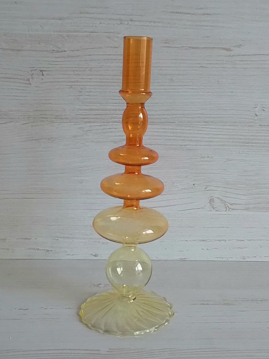 Подсвечник для 1 свечи, стеклянный, желтый, оранжевый информация:
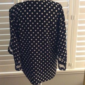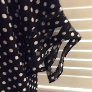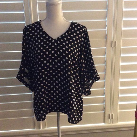V neck,polka dot polyester top,which is longer in back,, the flared sleeves have two rows of netting for interest.Machine washable.
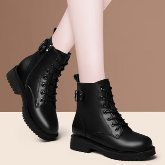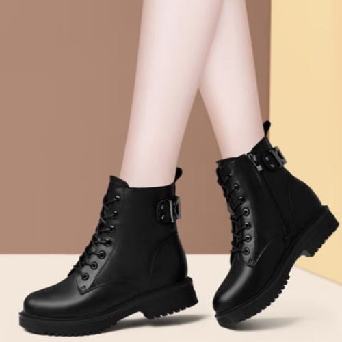 ブーツ レディース シューズ 靴 厚底 ラバー ショートブーツ レザー 大人可愛い カジュアル デート レースアップ ストラップ お出かけ シンプル バックル ブラック 大きいサイズ 厚底 ブーツ

## DIRECTIONS
Please repeat all of the data exactly as it stands, leaving the pictures out.

## OUTPUT FOR THIS TASK
 Подсвечник для 1 свечи, стеклянный, желтый, оранжевый информация:
V neck,polka dot polyester top,which is longer in back,, the flared sleeves have two rows of netting for interest.Machine washable.
 ブーツ レディース シューズ 靴 厚底 ラバー ショートブーツ レザー 大人可愛い カジュアル デート レースアップ ストラップ お出かけ シンプル バックル ブラック 大きいサイズ 厚底 ブーツ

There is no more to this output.